Task details - Please retype exactly the lines from the one containing "Myydään Zaran suosittu" through the end of the records, leaving out the pictures.

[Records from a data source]

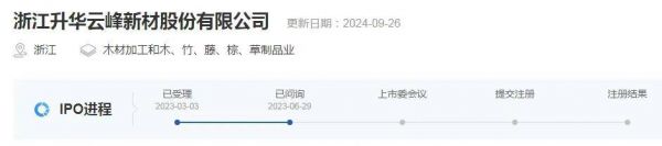 9月26日,浙江升华云峰新材股份有限公司(简称:云峰新材)IPO状态变更为“中止”。因云峰新材发行上市申请文件中记载的财务资料已过有效期,需要补充提交。根据《上海证券交易所股票发行上市审核规则》第六十条有关规定,上交所中止其发行上市审核。
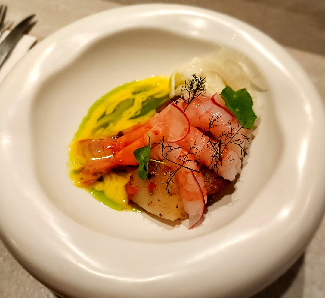Key clams and sweet shrimp, fennel pickle, chive and cheongyang beurre blanc, some type of pickle relish(19000): really fun! The shrimp is raw and the clam has been lightly seared. The beurre blanc is great and the green sauce adds an interesting vegetal kick; enough to distract from the richness of the butter, but I almost wish there had been more of it. Fennel pickle is vinegar and sugar it seems like, nothing fancy but provides a nice acidic bite and textural contrast. Some type of pepper relish too adds a bit of kick in addition to the green sauce.
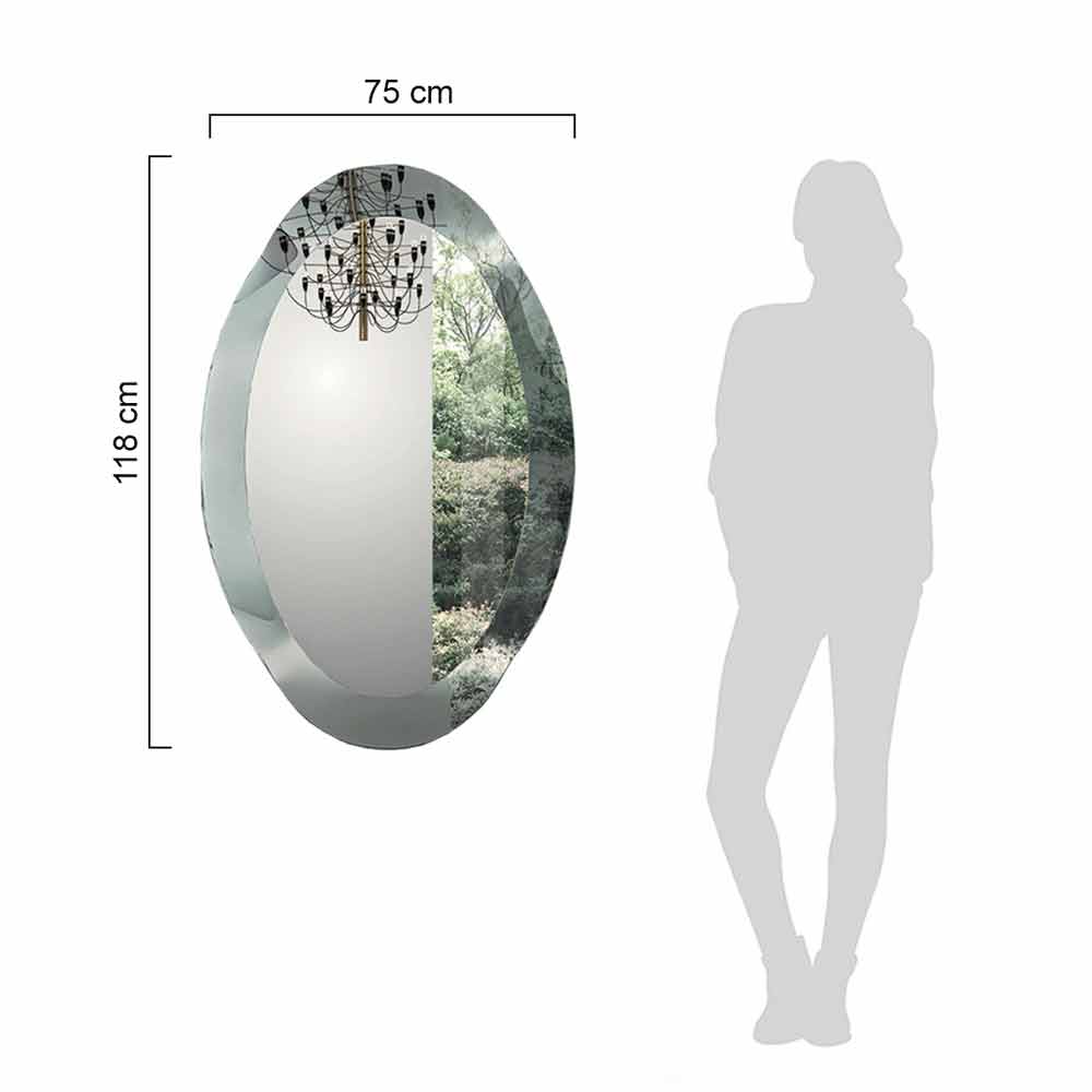 Oval wall mirror made in Italy with internal mirror and 6 mm curved glass frame in mirrored crystal finish.
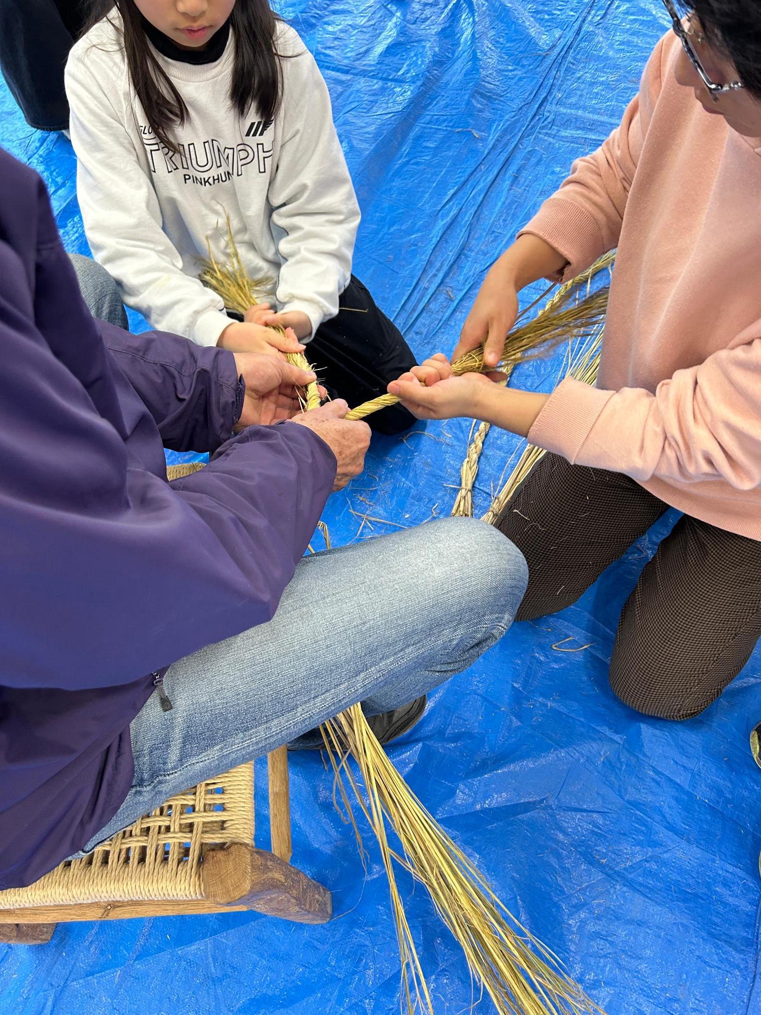 皆さんで協力し、藁で編んでリースを作ります
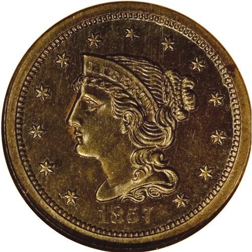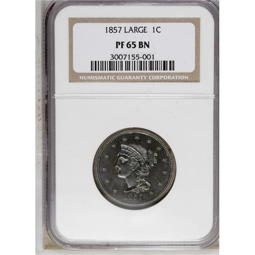 1857 1C Small Date PR65 Brown NGC. N-5, High R.5. Deep
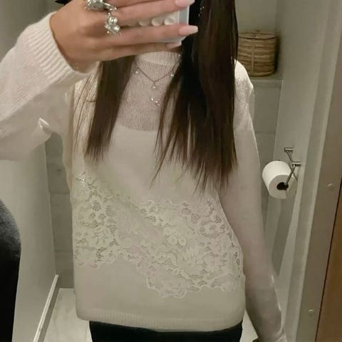 Myydään Zaran suosittu valkoinen pitsineule. Koko s, mutta sopii enemmän xs koolle. Eka kuva inspo, loput minun ottamia. 🤍
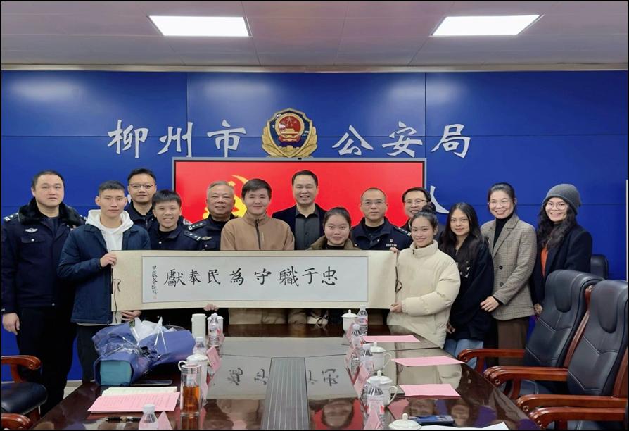 學院黨委書記譚鐵軍、副院長李燕洲率學院師生代表一行訪問了柳州市公安局出入境管理支隊。柳州市公安局出入境管理支隊支隊長黨支部書記金建強、副支隊長郭勇及相關民警對我院師生的到來表示熱烈的歡迎。
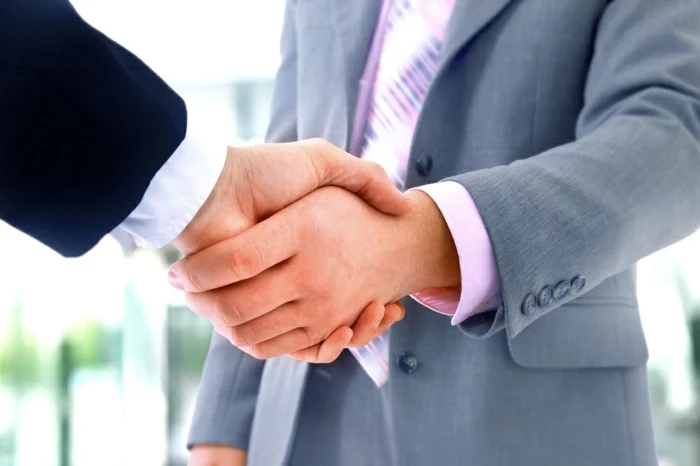 zwei Geschäftspartner verhandeln erfolgreich
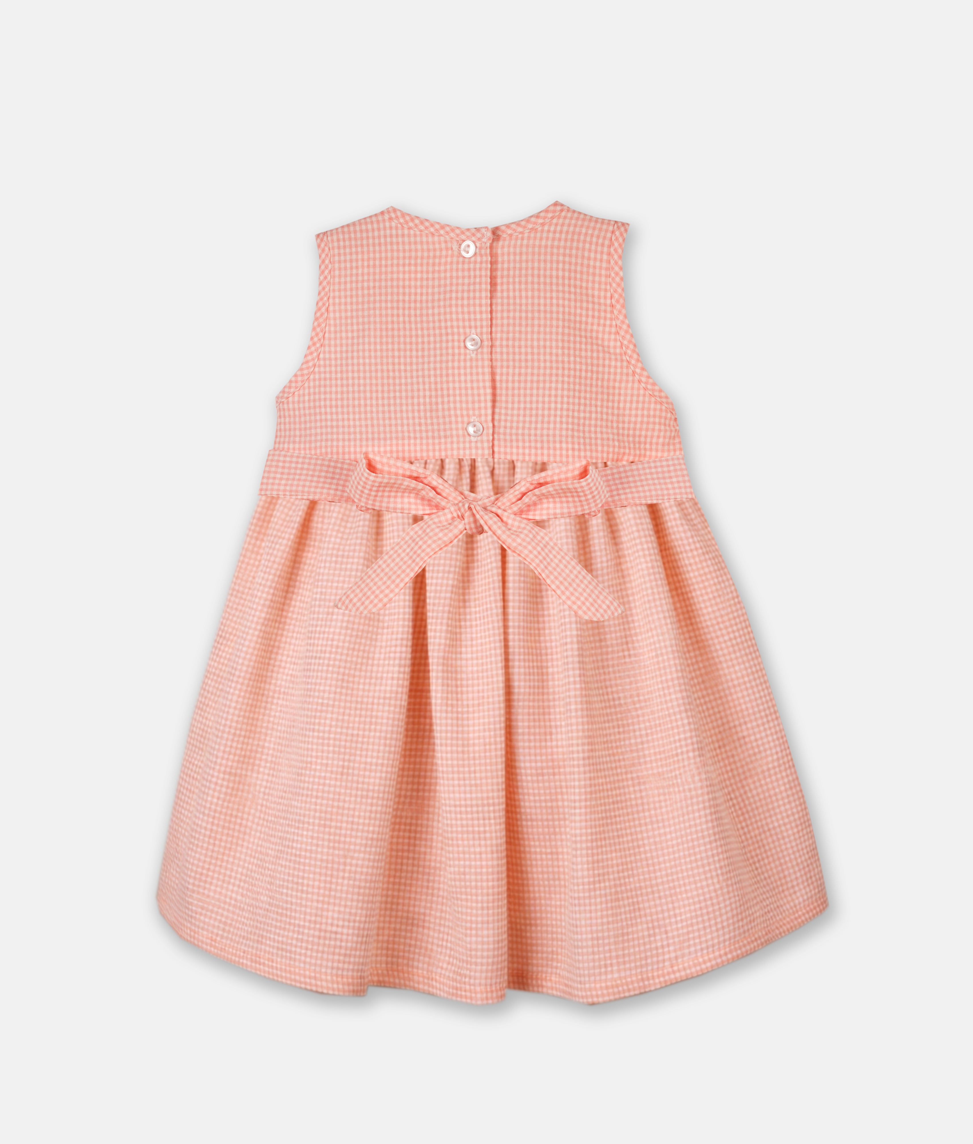 Tiny Peach Checkerboard Charm Smocked Girls Dress
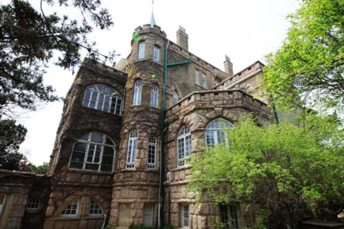 到達(dá)花石樓后自由游覽花石樓及八大關(guān),預(yù)計(jì)游覽1小時(shí)?;ㄊ瘶侵越谢ㄊ瘶?,主要是因?yàn)槠鋬?nèi)部使用“滑石”作為墻壁內(nèi)飾裝飾的,因?yàn)榛捕鹊?,很大一部分墻面保存的不好,被人為刻上了文字。連每個(gè)房間的基本功能都看不出來?;ㄊ瘶堑耐庥^保存十分好,洋樓城堡式的設(shè)計(jì)。還有一點(diǎn)就是它的外部建筑材料是花崗巖。
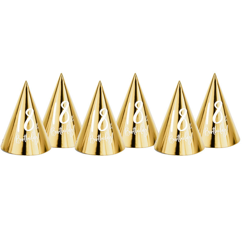 Dessa fina guldiga partyhattar från PartyDeco är perfekta för den som fyller 18 år! Tillverkade i stabilt papper med en praktisk snöre för att hålla dem på plats, är dessa partyhattar en rolig detalj för vilket festfirande som helst.

Written response -
 Myydään Zaran suosittu valkoinen pitsineule. Koko s, mutta sopii enemmän xs koolle. Eka kuva inspo, loput minun ottamia. 🤍
 學院黨委書記譚鐵軍、副院長李燕洲率學院師生代表一行訪問了柳州市公安局出入境管理支隊。柳州市公安局出入境管理支隊支隊長黨支部書記金建強、副支隊長郭勇及相關民警對我院師生的到來表示熱烈的歡迎。
 zwei Geschäftspartner verhandeln erfolgreich
 Tiny Peach Checkerboard Charm Smocked Girls Dress
 到達(dá)花石樓后自由游覽花石樓及八大關(guān),預(yù)計(jì)游覽1小時(shí)?;ㄊ瘶侵越谢ㄊ瘶?,主要是因?yàn)槠鋬?nèi)部使用“滑石”作為墻壁內(nèi)飾裝飾的,因?yàn)榛捕鹊?,很大一部分墻面保存的不好,被人為刻上了文字。連每個(gè)房間的基本功能都看不出來?;ㄊ瘶堑耐庥^保存十分好,洋樓城堡式的設(shè)計(jì)。還有一點(diǎn)就是它的外部建筑材料是花崗巖。
 Dessa fina guldiga partyhattar från PartyDeco är perfekta för den som fyller 18 år! Tillverkade i stabilt papper med en praktisk snöre för att hålla dem på plats, är dessa partyhattar en rolig detalj för vilket festfirande som helst.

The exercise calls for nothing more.